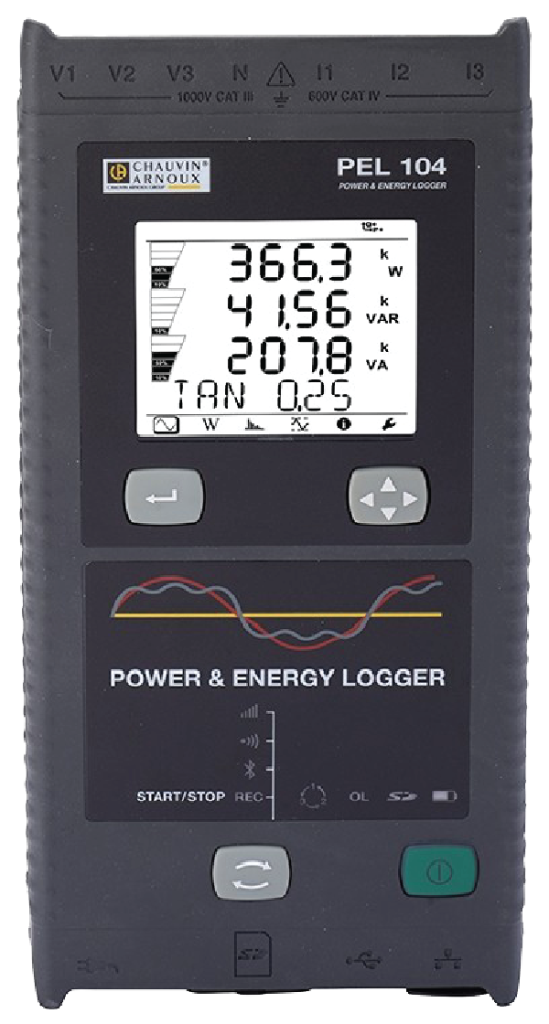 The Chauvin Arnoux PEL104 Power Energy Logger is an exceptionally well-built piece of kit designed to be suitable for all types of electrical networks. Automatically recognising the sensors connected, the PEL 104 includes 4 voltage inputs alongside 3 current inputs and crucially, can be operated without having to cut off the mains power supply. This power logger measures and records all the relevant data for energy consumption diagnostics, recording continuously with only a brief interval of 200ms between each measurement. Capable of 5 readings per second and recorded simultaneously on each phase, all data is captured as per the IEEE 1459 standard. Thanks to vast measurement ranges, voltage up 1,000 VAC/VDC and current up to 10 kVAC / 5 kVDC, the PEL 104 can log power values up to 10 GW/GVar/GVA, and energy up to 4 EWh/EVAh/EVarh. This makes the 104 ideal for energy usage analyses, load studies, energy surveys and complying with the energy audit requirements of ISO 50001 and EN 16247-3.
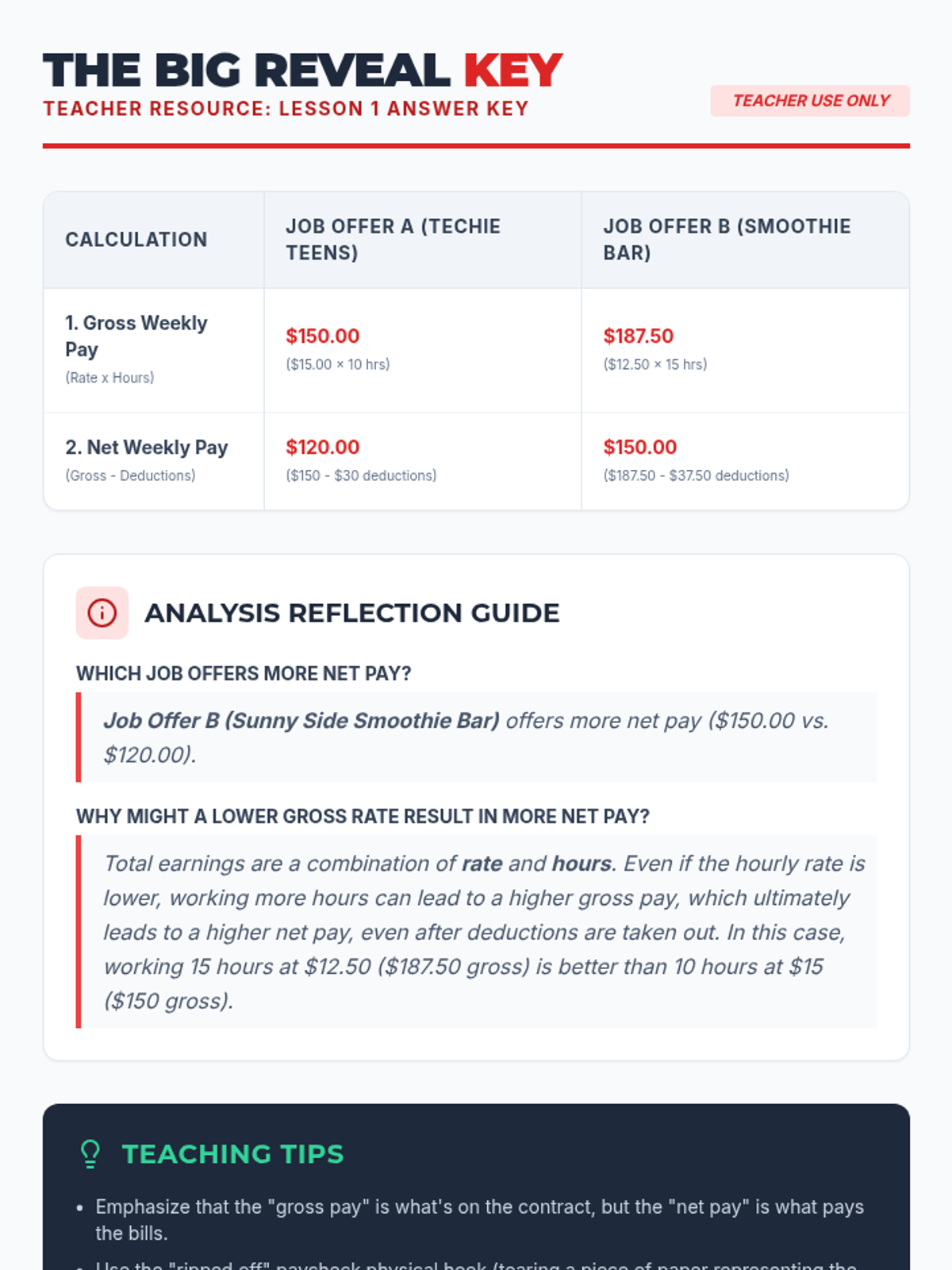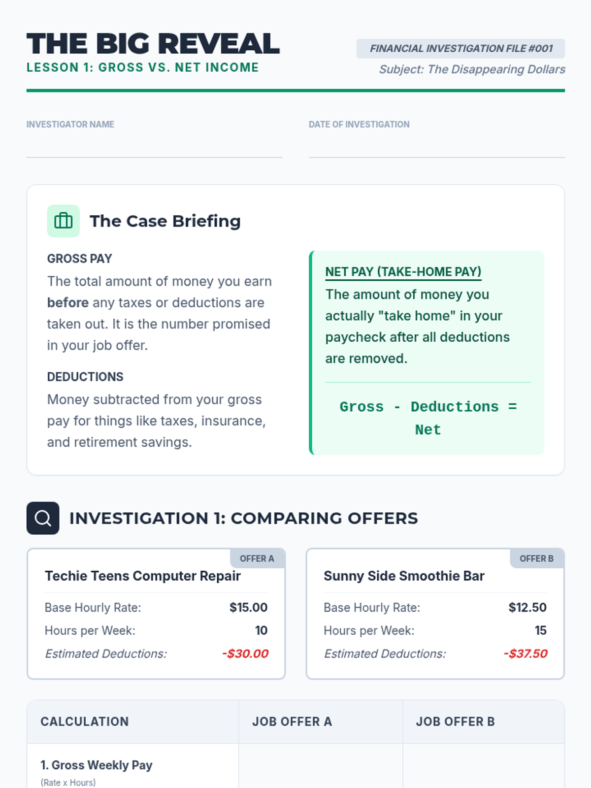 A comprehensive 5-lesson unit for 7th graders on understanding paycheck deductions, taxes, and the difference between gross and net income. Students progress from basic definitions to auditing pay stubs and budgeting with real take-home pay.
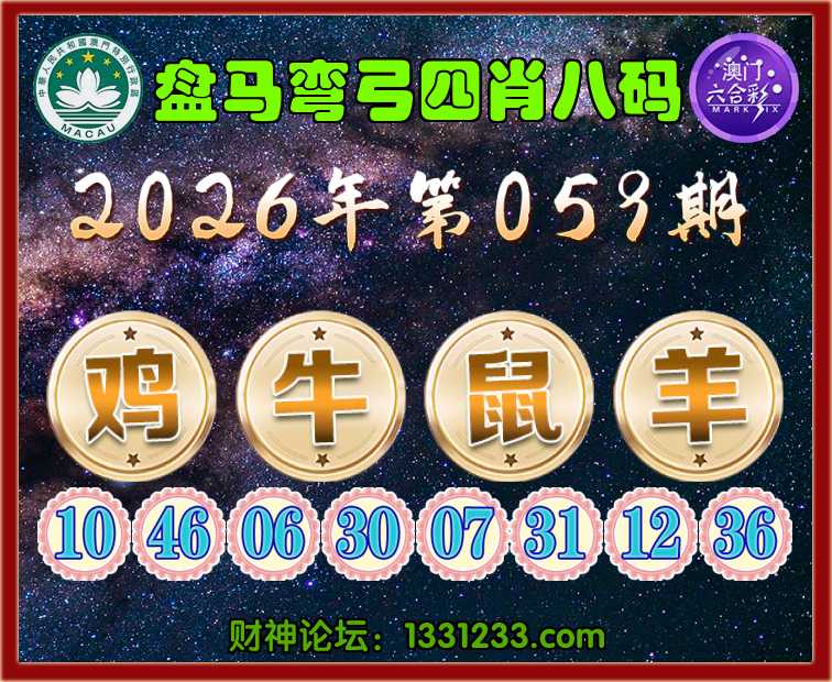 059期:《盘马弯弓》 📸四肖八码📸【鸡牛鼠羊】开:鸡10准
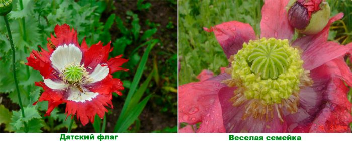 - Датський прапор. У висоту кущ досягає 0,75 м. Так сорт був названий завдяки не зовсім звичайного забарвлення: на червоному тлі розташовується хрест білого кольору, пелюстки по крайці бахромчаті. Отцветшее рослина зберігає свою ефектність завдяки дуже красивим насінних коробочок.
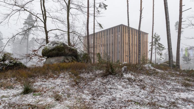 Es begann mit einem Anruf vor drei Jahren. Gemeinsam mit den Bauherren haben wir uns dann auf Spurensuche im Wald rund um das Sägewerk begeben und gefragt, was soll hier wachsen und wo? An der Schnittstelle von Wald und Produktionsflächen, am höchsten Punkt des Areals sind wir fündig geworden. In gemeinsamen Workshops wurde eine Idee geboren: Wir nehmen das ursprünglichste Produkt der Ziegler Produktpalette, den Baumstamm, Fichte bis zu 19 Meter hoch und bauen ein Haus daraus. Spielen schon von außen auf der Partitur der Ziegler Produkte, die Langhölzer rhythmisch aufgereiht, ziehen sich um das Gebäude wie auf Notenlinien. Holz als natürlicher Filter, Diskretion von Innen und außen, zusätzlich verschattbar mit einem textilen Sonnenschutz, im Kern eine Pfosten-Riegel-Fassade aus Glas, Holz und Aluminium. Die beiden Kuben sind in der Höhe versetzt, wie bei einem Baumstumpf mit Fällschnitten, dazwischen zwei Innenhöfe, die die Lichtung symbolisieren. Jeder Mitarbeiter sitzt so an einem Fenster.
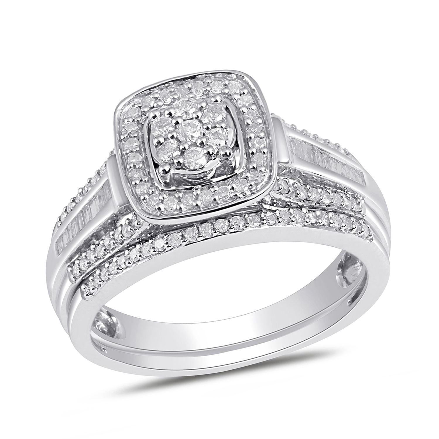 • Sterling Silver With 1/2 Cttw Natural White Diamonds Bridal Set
* * * * * * * * *
_BRIEF_
Which part of the entries opens with the line containing "A comprehensive 5-lesson" and closes with the line containing "059期:《盘马弯弓》 📸四肖八码📸【鸡牛鼠羊】开:鸡10准"? Output that part exactly, ends included, pictures excluded.

_TASK SOLUTION_
 A comprehensive 5-lesson unit for 7th graders on understanding paycheck deductions, taxes, and the difference between gross and net income. Students progress from basic definitions to auditing pay stubs and budgeting with real take-home pay.
 059期:《盘马弯弓》 📸四肖八码📸【鸡牛鼠羊】开:鸡10准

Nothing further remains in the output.